Consuela - Jul 04, 2013 6:02:06 am PDT #28178 of 30001
We are Buffistas. This isn't our first apocalypse. -- Pix

I've never been fitted at VS, but I certainly was shocked by the fitter at Nordstrom who pegged me as a 34D, after umpteen years of thinking I was a 36B. Turns out she was right: lots of women wear the wrong size bra.

Cup sizes aren't consistent across band sizes, either, so the D in a 34D isn't the same as the D in a 32D. Which I find weird.

In other news, I'm going to a parade today, because my BIL is playing his saxophone in it. It's in Piedmont, so almost everyone there will be white. I'm tempted to wear my new Oaklandish t-shirt...

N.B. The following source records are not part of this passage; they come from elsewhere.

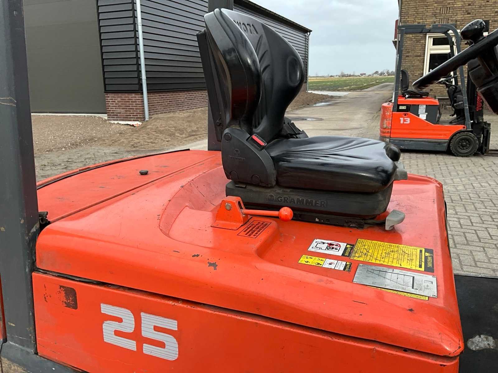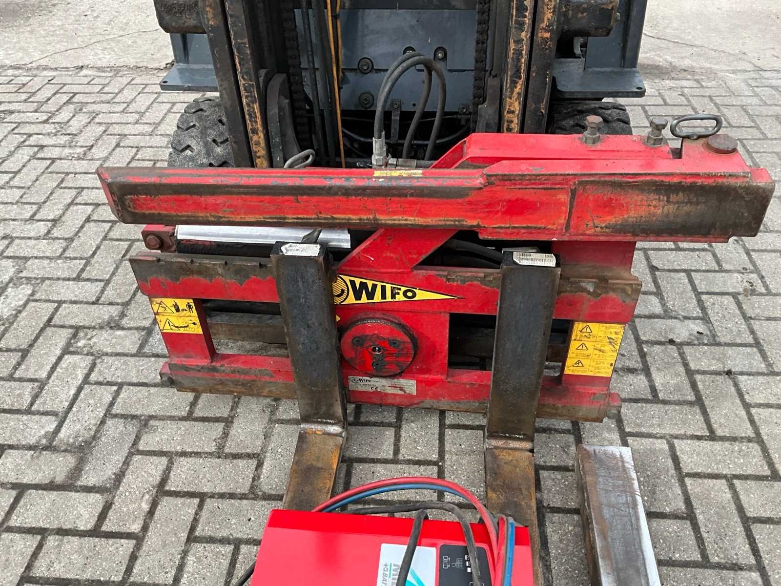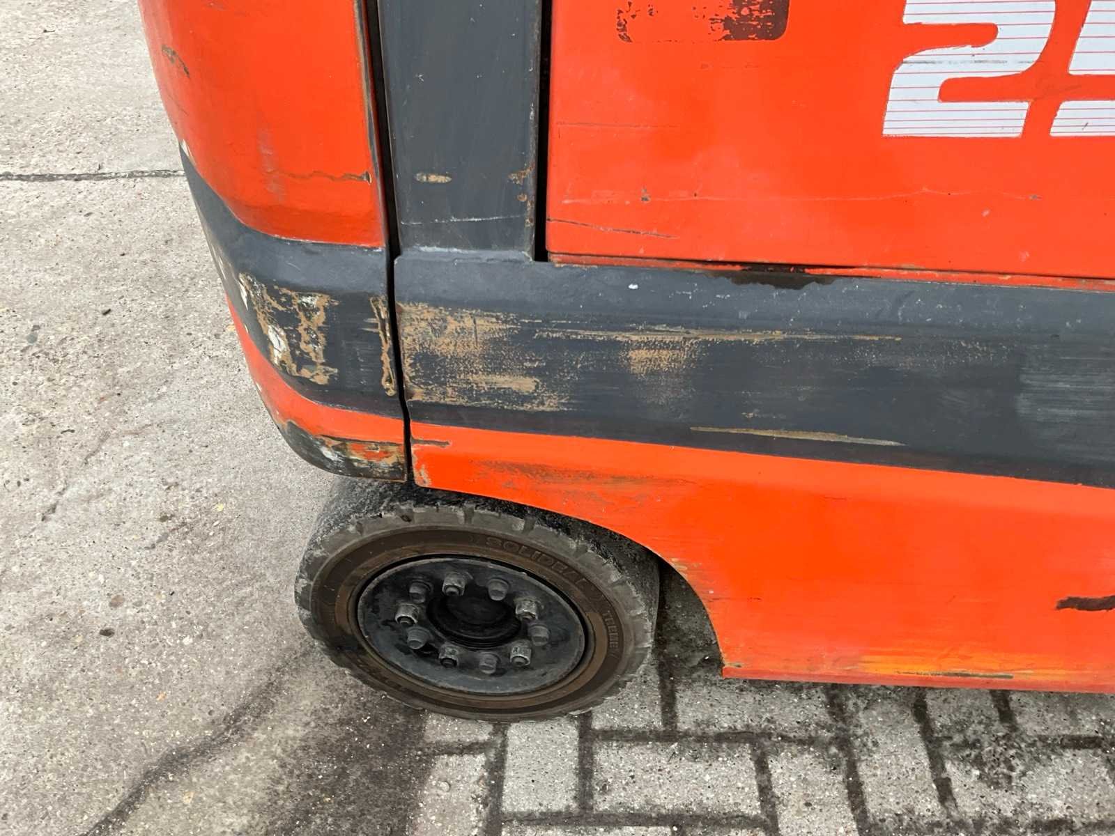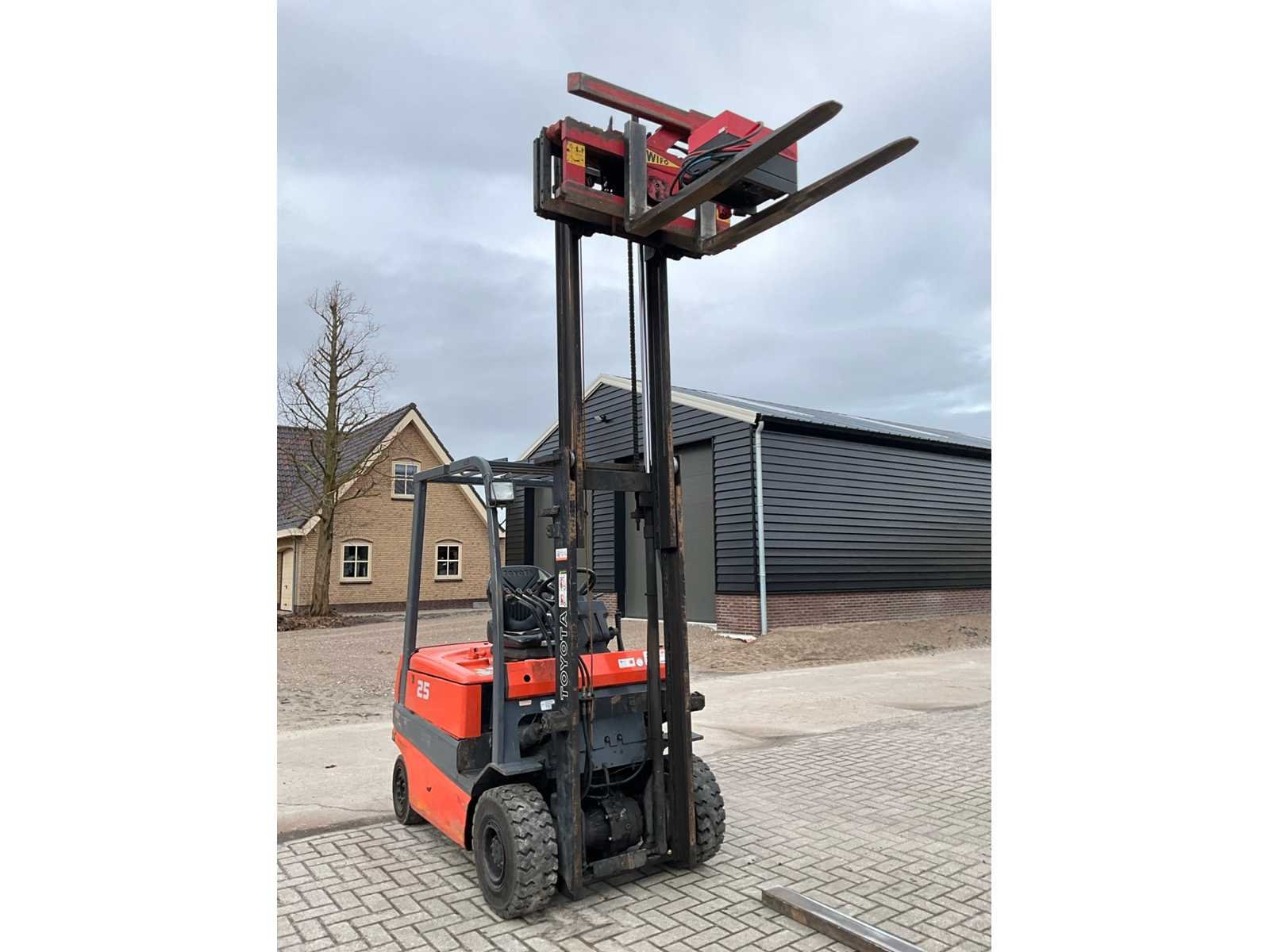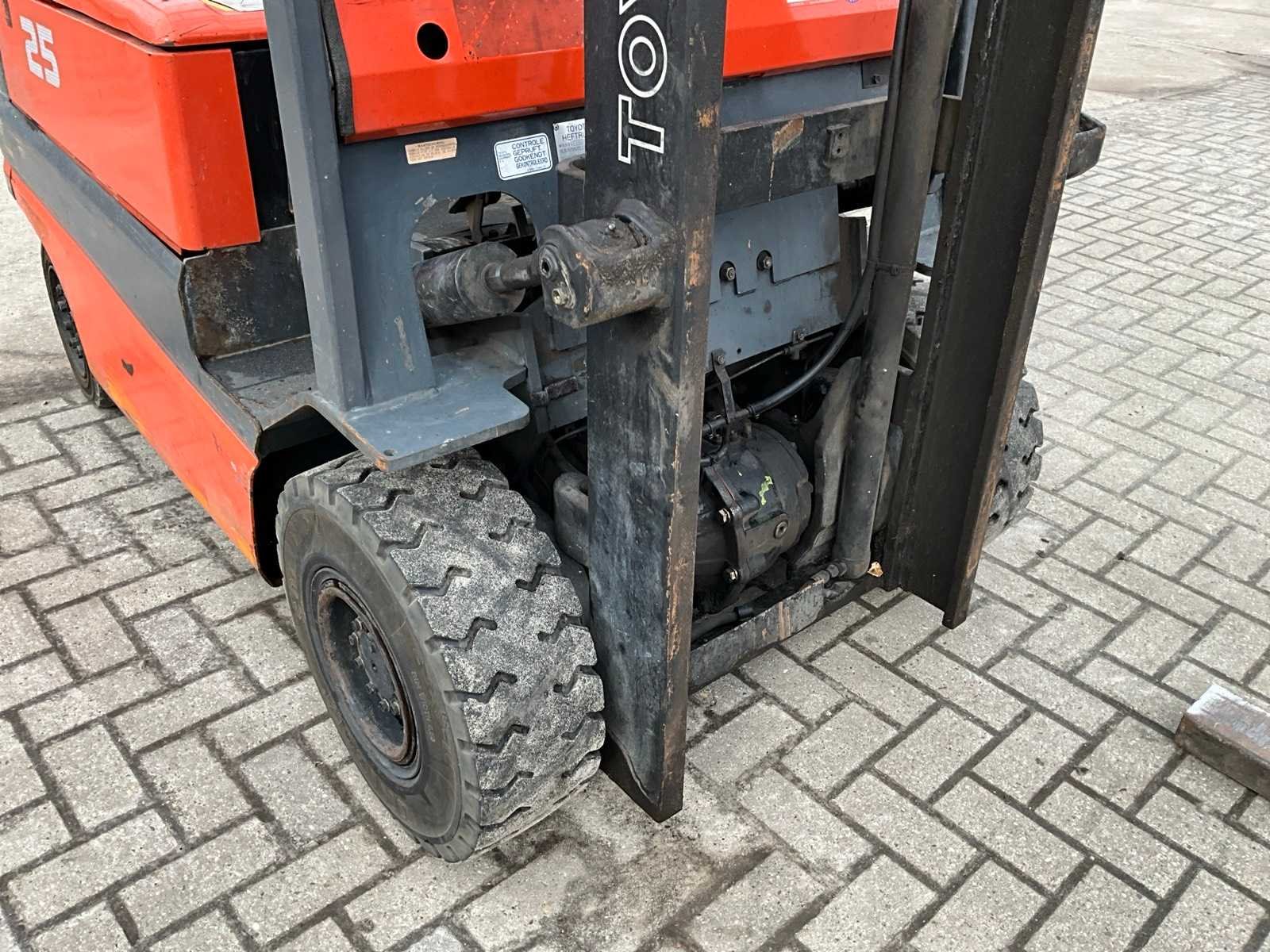 Voorzien van WIFO roterend vorkenbord, Merk: Toyota Type: FBMF25 Bouwjaar: 1998 Serienummer: FBMF25-10958 Brandstof: Elektrisch Mast: Duplex Soort band: Volrubber banden Aantal wielen: 4 Afgelezen urenstand: 15223 Accu lader: true Side-shift: true Roterend vorkenbord: true Duplex mast: true Hefvermogen: 2325kg Lepellengte: 1200mm Hefhoogte: 3300mm Vol rubber banden: true Minimale doorrijhoogte: 2160mm Totale afmeting L: 3900mm Totale afmeting Breedte: 1150mm
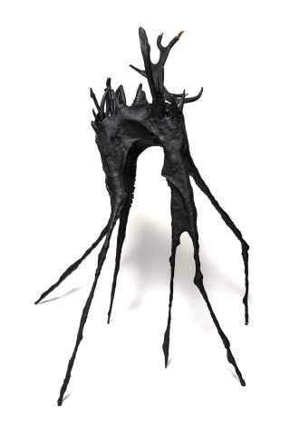 Taxidermy foam form, steel rods, epoxy clay, antler, antler tips, sheep bone, doilies, lace, upholstery thread, ink, pastel primer, pearl beads, gold beads, flocking
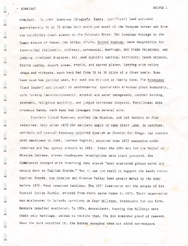 Typescript history of the Kumeyaay people. Contains a further reading list and a list of Kumeyaay reservations.
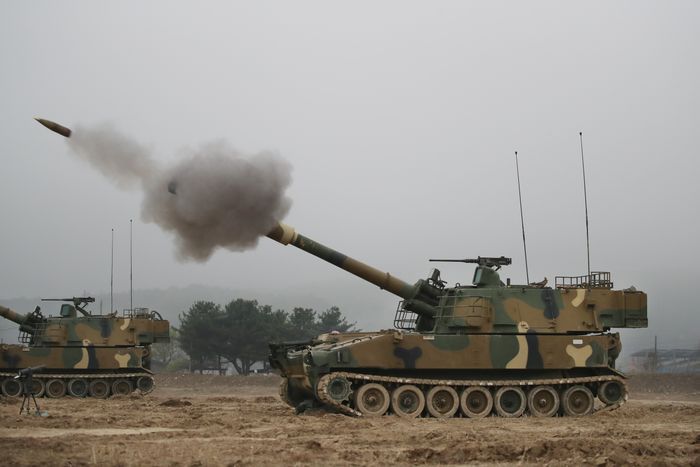 지난해 4월 강원도 철원군 문혜리사격장에서 수도포병여단, 17사단, 해병2사단이 합동 포탄사격 훈련을 실시하고 있다. 사진은 K55A1자주포가 사격하는 모습. ⓒ사진공동취재단
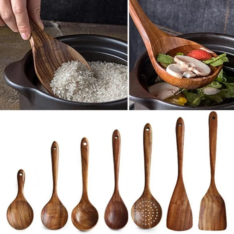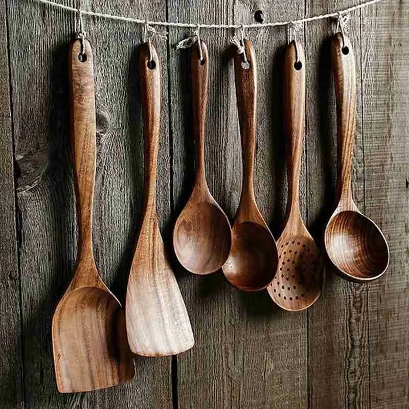 Деревянная посуда из натурального дерева ложка Тернер с дуршлаг для риса шумовка для супа Пособия по кулинарии ложки Совок Кухня кухонная утварь

-t - Jul 04, 2013 6:17:05 am PDT #28179 of 30001
I am a woman of various inclinations and only some of the time are they to burn everything down in frustration

I splurged on some of the accessories - the storage stand thingy is really handy, but I haven't really used anything else. I like the idea of getting all fancy, but haven't been motivated to actually try much - just having coffee and tea pops with no frills keeps me pretty happy.

Swimming and pie both sound excellent.

Apparently my empty crockpot has been turned on for some unknown length of time. That can't be good. But nothing's on fire, so I'm gonna call it no harm no foul.


sarameg - Jul 04, 2013 6:18:59 am PDT #28180 of 30001

Nordstroms utterly failed me. Sure, they measured right, but there were NO bras that fit right. Even they agreed. As did the fancy bra place in Towson. It was trauma. Now, well, size has changed. I might have more luck. But I've got other issues (bras are hitting trigger points and killing my shoulders.)

Apropos of this conversation and one the other day,I yelped as I struggled with my sport bra and it pinched me, the woman next to me started laughing. She was trying to put on one of those tops with the sports bra built in and it had gotten all twisted up in the back. I had to help her. She was all, I've never tried putting this on after swimming. I'm never wearing it to the pool again!

We were both in hysterics by the time we left.


Steph L. - Jul 04, 2013 6:22:10 am PDT #28181 of 30001
I look more rad than Lutheranism

I think you're supposed to bend over to measure your cup size because the way a bra is ideally supposed to fit is for all of the boob to be in the cup. (That might sound obvious, but as a woman with a larger rack, a lot of times most of the boob is in the cup but there is definite sideboob hanging out outside the cup. The advice I heard to help get all the boob in the cup is when you get dressed, you reach around and kind of grab the sideboob and guide it towards the cup. And it actually works! And suddenly the rack of doom is even more doomtastic.